Dan secara administrasi, ini juga melanggar karena beasiswa ini program pemerintah, sehingga pelaksanaan program pemerintah tidak boleh dilaksanakan tidak sesuai dengan prosedur," tukasnya.
"Secara teknis kami belum mendalami juknis dari pengeluaran beasiswa KIP, tapi kalau melihat poin juknisnya dari luar alurnya sudah seperti yang salah jelaskan. Hanya saja, mungkin di dalam juknisnya secara detail ada hal-hal yang menolerir penyaluran dengan mekanisme tertentu. Tapi kami belum dapat memastikan poin tentu ada atau tidak karena kami belum mempelajari juknisnya secara mendalam," urainya.
Saat ditanyakan apakah program beasiswa KIP lazim digunakan untuk promosi.

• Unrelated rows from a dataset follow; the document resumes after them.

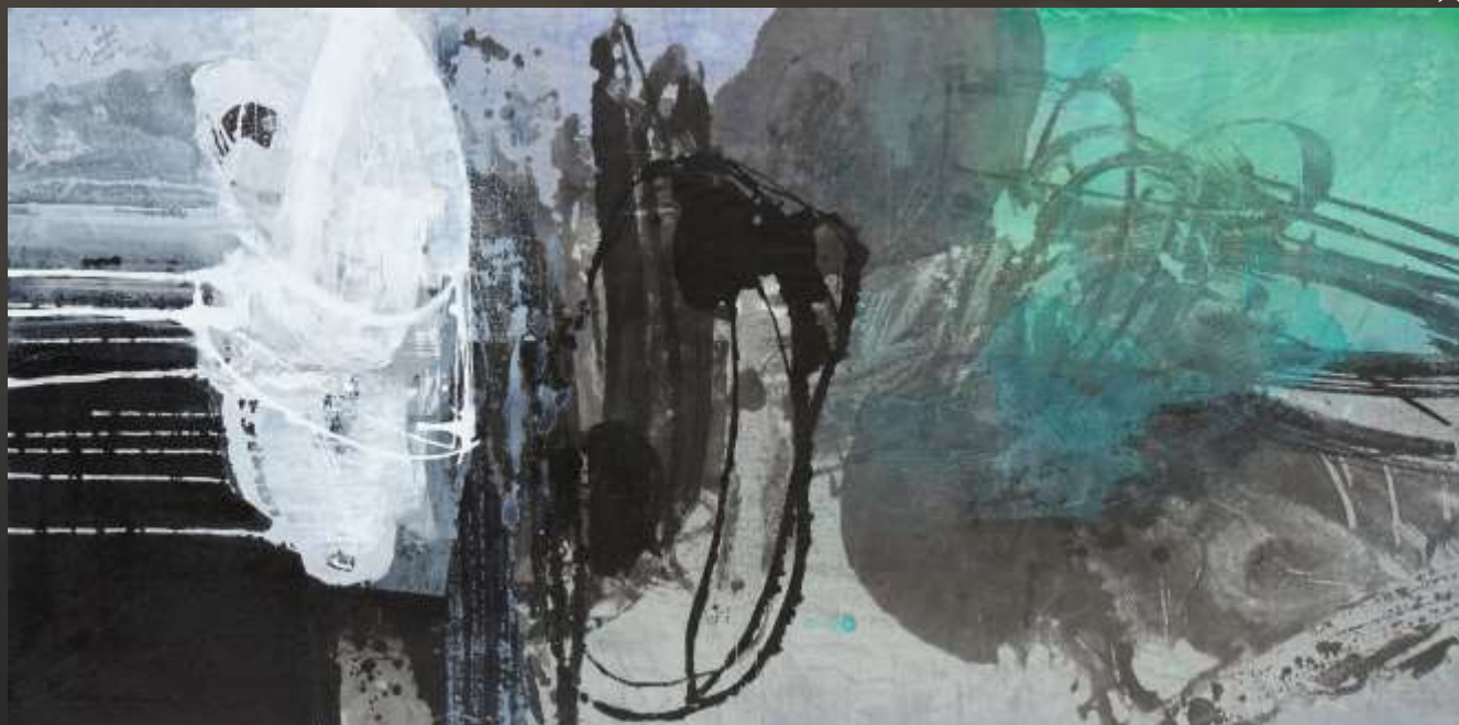
青山見我 88 x 176 cm 複合媒材
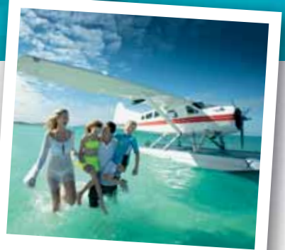
水上飞机的尊贵体验
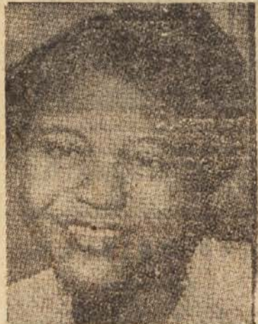
Tesarjeva žena je podpisala prošnjo, da bi njen otrok obiskoval isto šolo kot beli otroci. Rezultat: moža so vrgli iz službe, njo pa ponižali.

Mesto Yazoo je mesto, ki leži v delti Mississippija, mesto polno magnolij, zelenih verand in vrste spominov, ki se ne pozabijo tako
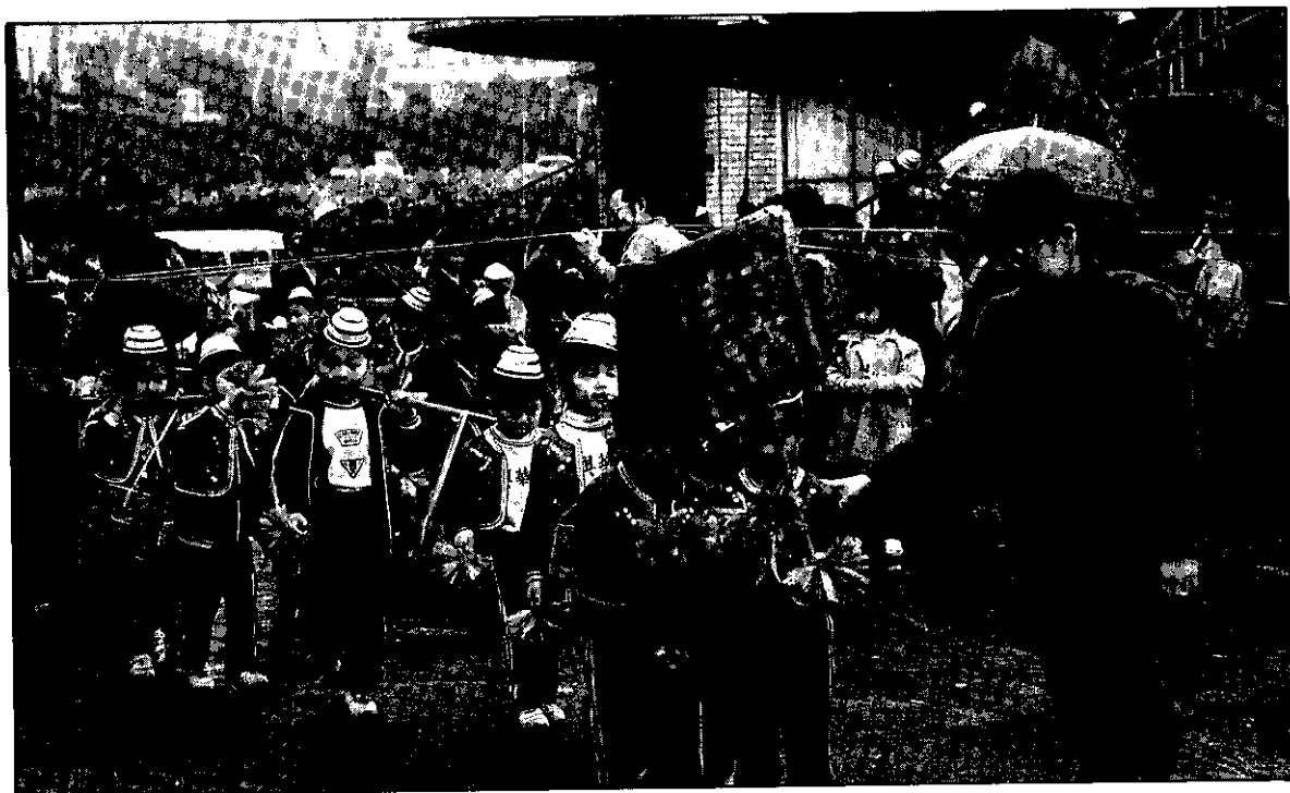
除了親子植樹活動，還增添兒童民俗才藝表演。

新竹林區管理處舉辦的親子植樹活動，將於3月7日8:00開始，在新竹漁港展開。除了繼續辦理前兩次的親子植樹活動外，更增加親子放風箏活動，同時，林管處將贈送5,000株杜鵑花等苗木，供民衆携回栽植。這次活動內容，已作成宣傳海報，與報名簡章、防火宣導、參與人員領取紀念品聯單、路標、植樹區域劃分標示牌、及各類宣傳手冊分贈有關人員及張貼，以加強植樹節宣導。

Ia menegaskan sejauh ini pihaknya belum pernah menggunakan program beasiswa KIP pemerintah sebagai promosi. mengingat kata dia, setiap sekolah memiliki kuota yang telah disalurkan secara adil untuk mendapatkan beasiswa KIP.
"Nah terkait apakah beasiswa dapat digunakan lembaga pendidikan untuk melakukan promosi, saya kira sejauh ini belum ada lembaga pendidikan yang melakukan itu. Sependek pengetahuan kami, secara umum lembaga pendidikan melakukan promosi dengan memperkenalkan fasilitas di lembaga tersebut seperti sarpras belajar dan olahraga, program sekolah seperti eskul, prestasi sekolah, misalnya ada diskon biaya pendidikannya, testimoni alumni, keunggulan sekolahnya dan lainnya," terangnya.

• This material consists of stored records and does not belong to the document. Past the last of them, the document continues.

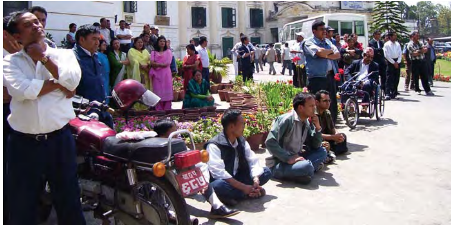
▲ सबै काम ठप्प पारेर आन्दोलनमा उत्रिएका राष्ट्र बैंकका कर्मचारीहरू

सुरक्षानिकायले रकम भुक्तानी पाउन नसकेपछि
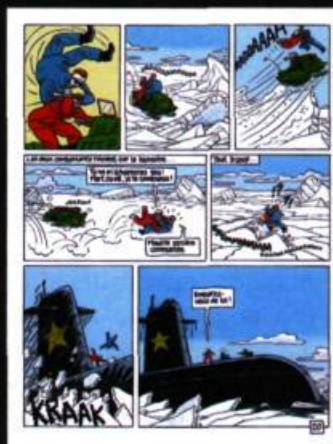
Planche extraite de l'album Kamarade Ultra , série Red Ketchup , Dargaud, 1991
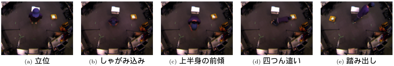
図 2: 上方から見た教示姿勢
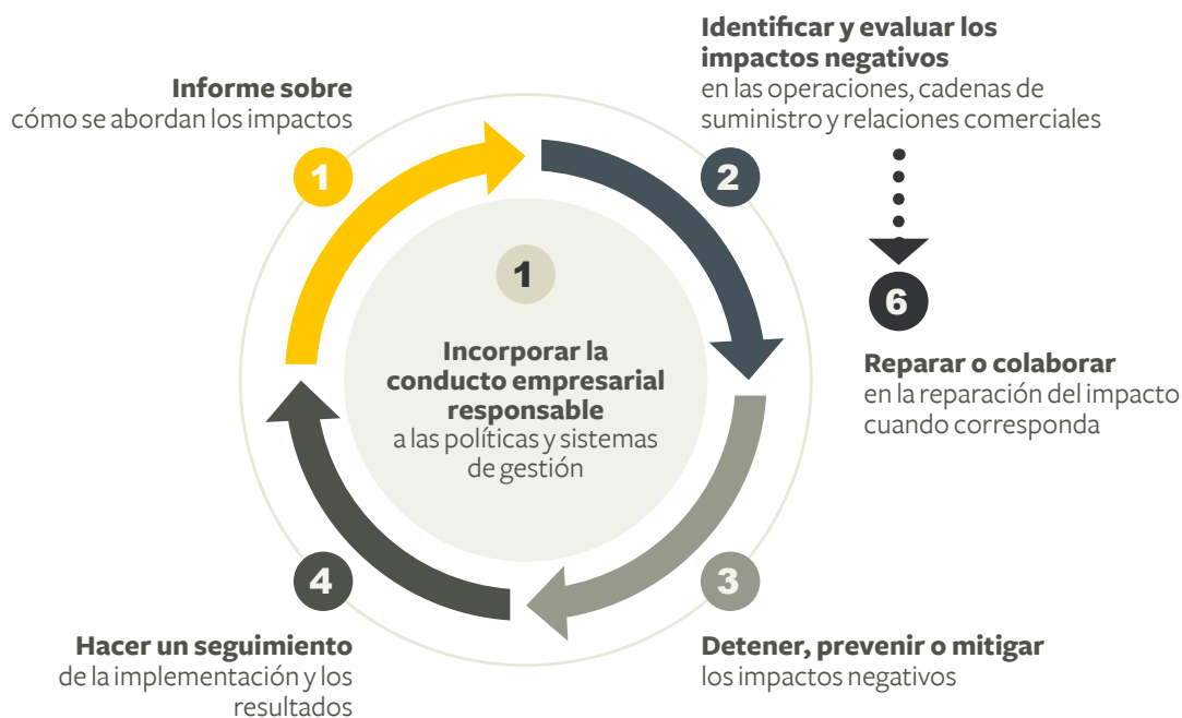
Figura 2. Proceso de la Diligencia Debida según la OCDE

Se espera que una Debida Diligencia eficaz se apoye en medidas que integren la conducta empresarial responsable dentro de las políticas y sistemas de gestión de la empresa, de tal forma que las empresas puedan reparar los impactos negativos que causan o a los que contribuyen (OCDE, 2018). Esta Debida Diligencia es planteada como un proceso que, en términos generales, consta de seis etapas, tal como se muestra en la Figura 2 . A partir de este modelo, cada norma puede hacer los ajustes requeridos para alcanzar el fin específico con el cual es creada.
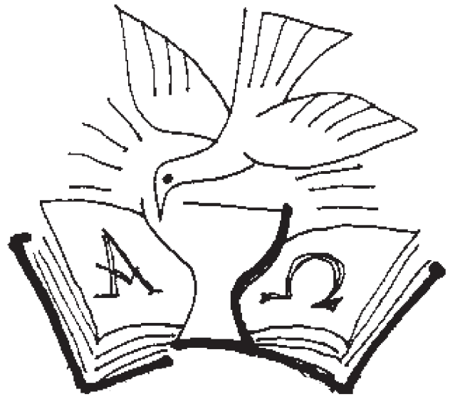
Duch Svätý pôsobí cez Písmo a sviatosti
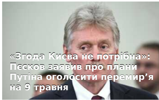
«Згода Києва не потрібна»: Песков заявив про плани Путіна оголосити перемир'я на 9 травня
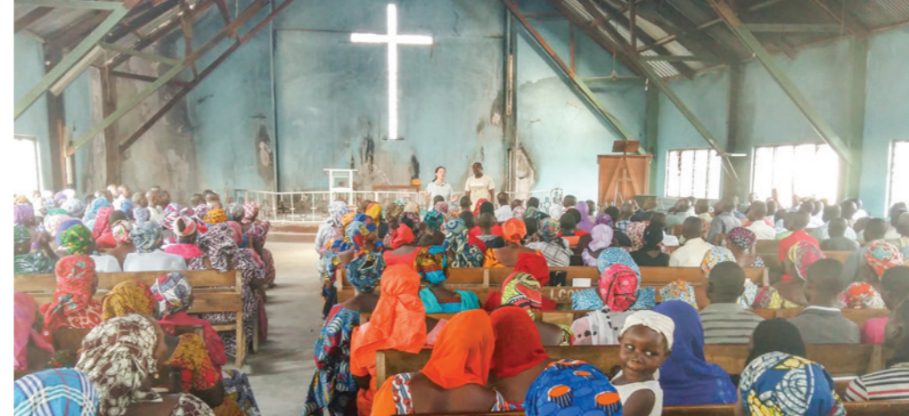
Преданные Богу христиане в Нигерии продолжают проводить богослужения в своих общинах, зная, что их церкви в любое время может подвергнуться нападению со стороны исламских экстремистов
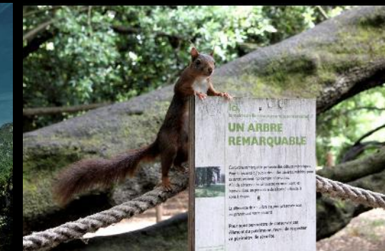
Barb. K. & F. C. - Barb. K. & F. C. (53) O. L. H. 5.18.18 Barb. K. & F. C. (53) O. L. H. 5.18.18

"Beasiswa ini kan program nasional dan setiap tahun terdapat kuota tentu yang disalurkan ke daerah melalui berbagai jalur birokrasi. Nah, saya meyakini lembaga pendidikan sudah mengetahui ini dan tentunya ini tidak etis menjadi promosi. Karena kenapa, program ini menyentuh semua lembaga pendidikan sehingga untuk mendapatkan beasiswa tidak perlu untuk masuk ke lembaga pendidikan tertentu," ucapnya.
"Terus terang selama ini kami belum pernah mendengar adanya polemik terkait penyaluran beasiswa KIP di lembaga pendidikan mana pun. Kecuali penyalugunaan Bantuan Operasional Sekolah (BOS) dan itu terjadi beberapa tahun lalu," pungkasnya. (zac).